Воевал отец на жарких участках фронта — под Смоленском, в Белоруссии и Западной Украине, а весной сорок пятого эшелон отца вновь пересек всю нашу большую страну, увозя его вместе с солдатами-победителями к Маньчжурии, к Сахалину и Курилам.
А разве забыть мне утро его возвращения. Майское, ведренное, пахнущее сиренью и подогретой, разомлевшей на солнце землей. Я сидел на огороде у дома и что-то себе выстругивал из сломленной ветки ветлы. А они спускались с пригорка по тропинке, протоптанной среди пыльной лебеды, — моя мама, счастливая, светящаяся, как заря, и отец, поседевший, в военной форме, с чемоданом в правой руке. Я рванулся навстречу и… крепкие руки высоко подняли меня, и я опять ощутил шершавую щеку и те далекие, довоенные отцовские запахи. А через несколько минут наш дом был наполнен тонким, устойчивым ароматом заграничного мыла, на кровати лежали яркие японские отрезы на платья маме и сестре, на столе сияла фольгой бутылка шампанского, полученная по карточкам и всю войну пролежавшая на дне старого чемодана. Из отцовского же чемодана было извлечено что-то необыкновенно вкусное, кажется, американская тушенка. Никаких трофеев (за исключением двух отрезов) он с собой не привез.

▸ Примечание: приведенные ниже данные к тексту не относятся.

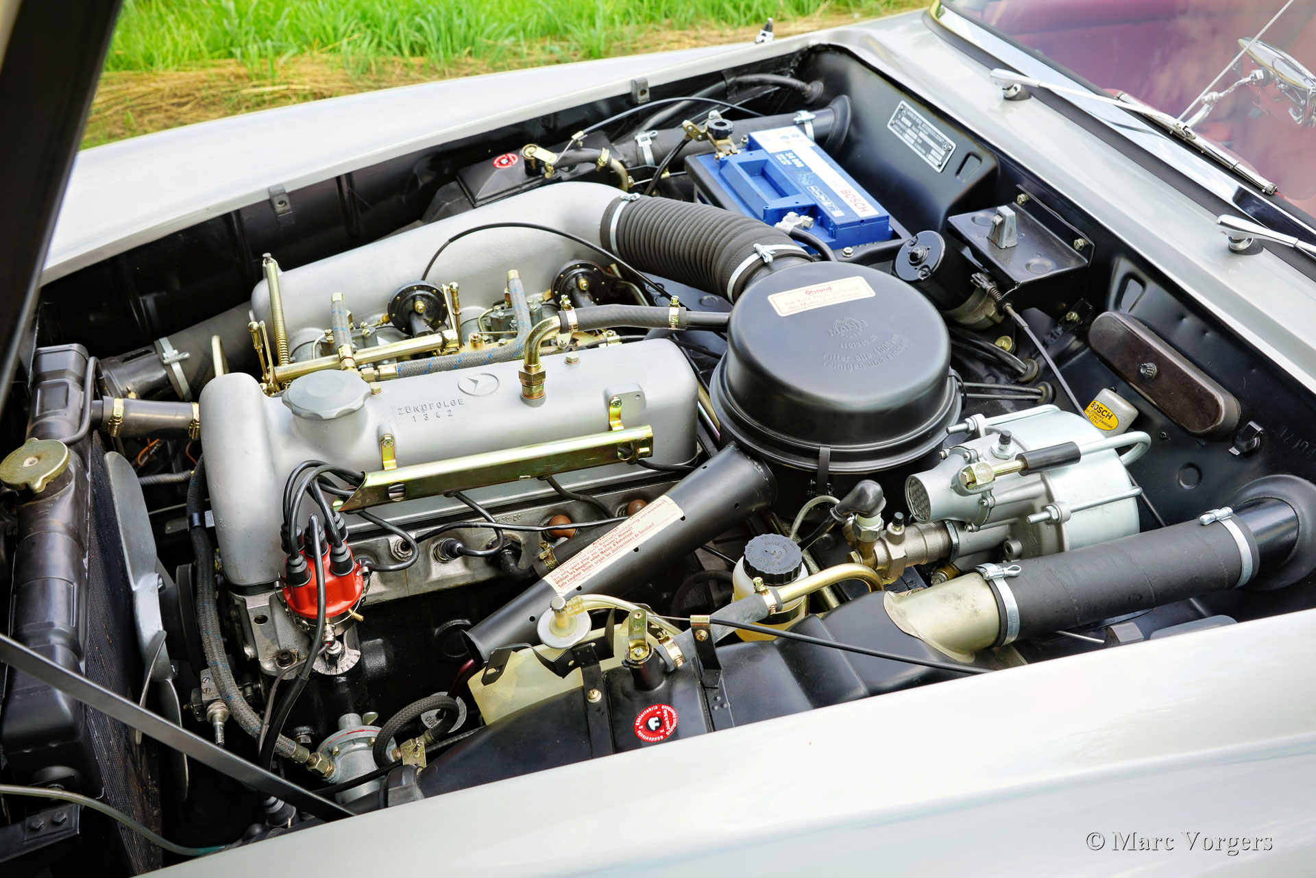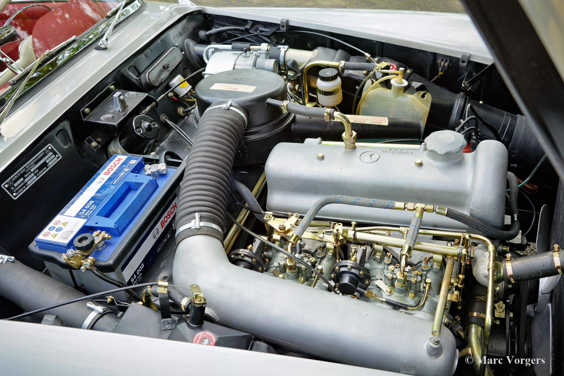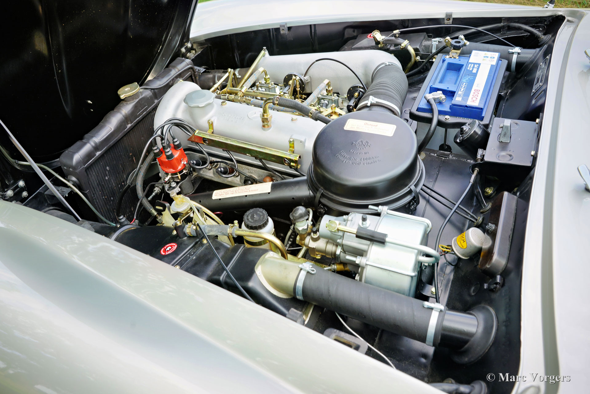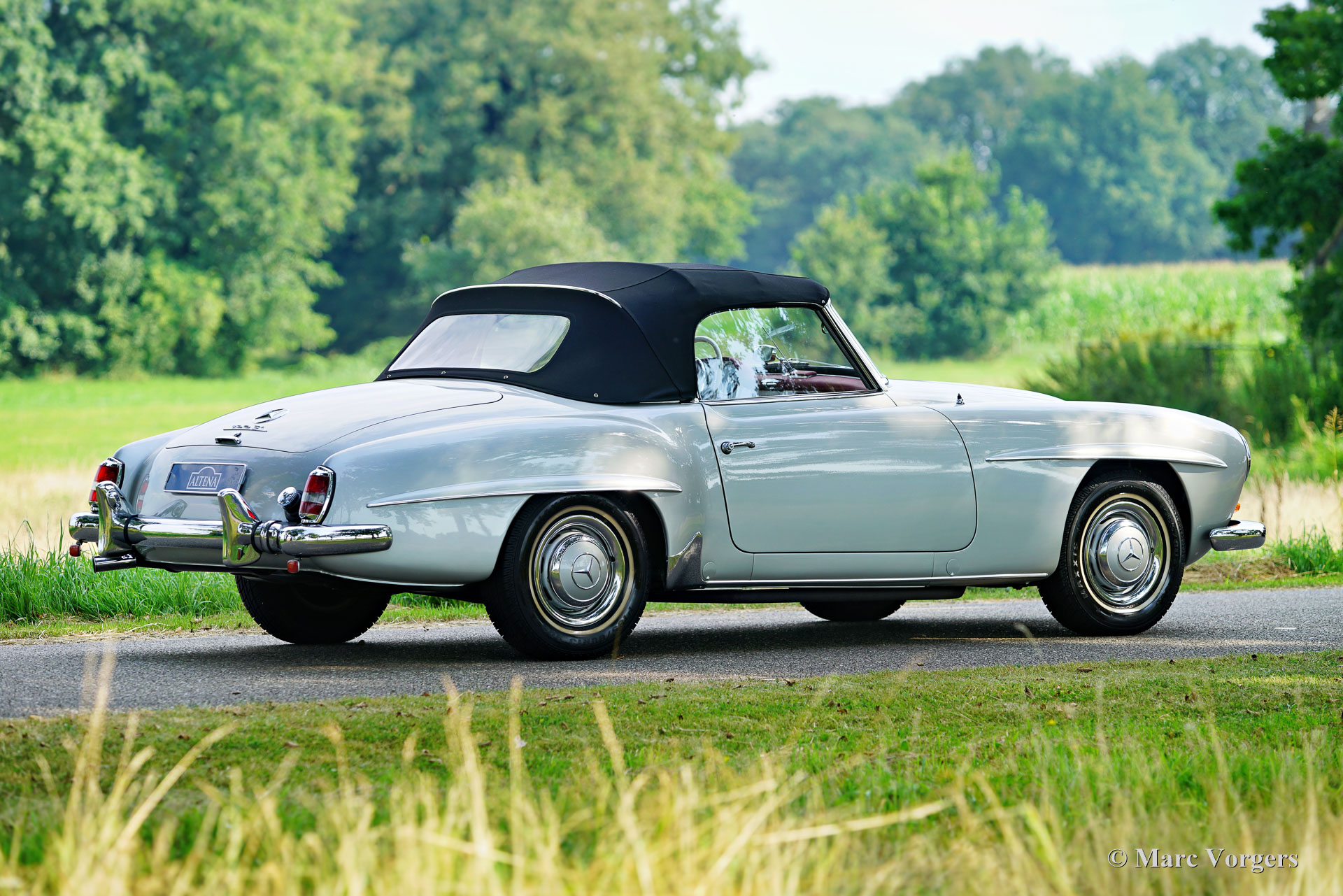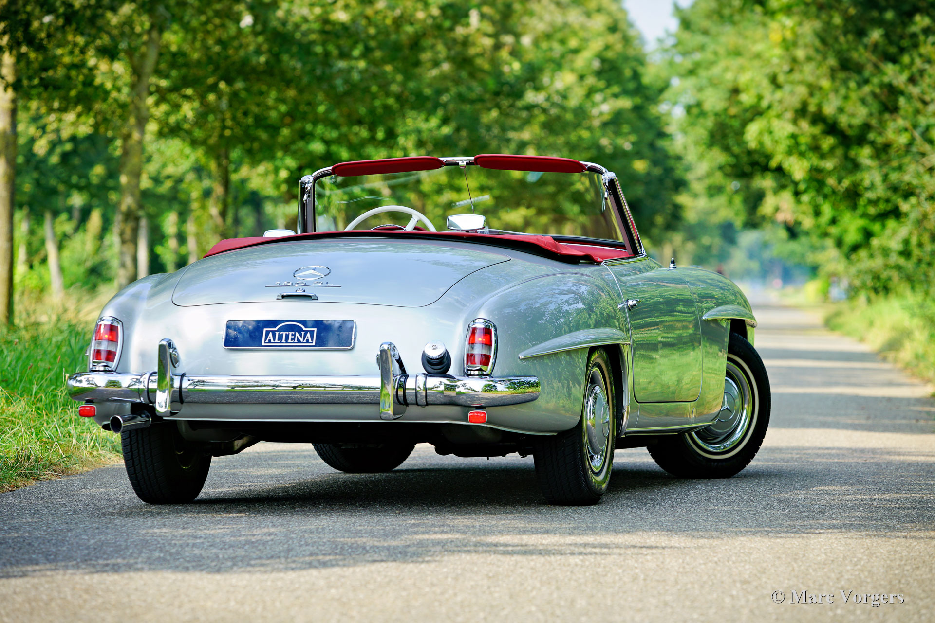 Mercedes-Benz 190 SL, jaar 1961. Kleur zilver metallic gecombineerd met een roodlederen interieur en een zwarte mohair kap. Deze prachtige Mercedes 190 SL is nieuw verkocht in Mechelen, België. De auto is in het verleden uitgebreid gerestaureerd en tot in de puntjes gereviseerd. Ook de originele Solex carburateurs zijn gereviseerd. Een fotoreportage van de restauratie is aanwezig. Het lakwerk is fris en strak als glas, de chroomdelen zijn perfect, het interieur toont alle originele details en is in onberispelijke staat. Onder de motorkap ziet alles eruit als nieuw! Deze Mercedes 190 SL verkeert in een uitstekende topstaat en de auto rijdt perfect. De auto wordt geleverd met de originele hard-top die nog in ongerestaureerde staat is. De hard-top is het originele model uit 1961 met de grote achterruit. De auto is voorzien van 185/80 13 inch banden met witte zijkanten en een Becker Europa radio. Deze Mercedes 190 SL is goed gedocumenteerd en de originele oude Belgische registratiepapieren zijn nog bij de auto.

Не знаю почему, но я ничего не помню из того, что отец мог рассказывать о своей фронтовой одиссее. Да и не было, наверное, особых рассказов — отец не отличался общительностью, разговорить его стоило большого труда. Вероятно, это изредка удавалось теткам, маминым сестрам, поэтому какие-то отрывочные эпизоды, полупризрачные картины мне запомнились уже с их слов. Внешне отец человеком был очень интересным: рослый, с правильными чертами лица, с густыми волнистыми волосами, его большие серо-голубые глаза были всегда чуть прищурены, что придавало ему несколько задумчивый, сосредоточенный вид. И даже там, в далекой Маньчжурии (это уже рассказывал кто-то из сослуживцев отца), женщины уделяли ему заметное внимание. Когда проходил он узкими улочками японских кварталов, где была расквартирована их часть, случалось, иная выходила из своего жилища с маленьким подносом в руках и тонким мелодичным голосом предлагала: «Капитан, чаю, чаю!»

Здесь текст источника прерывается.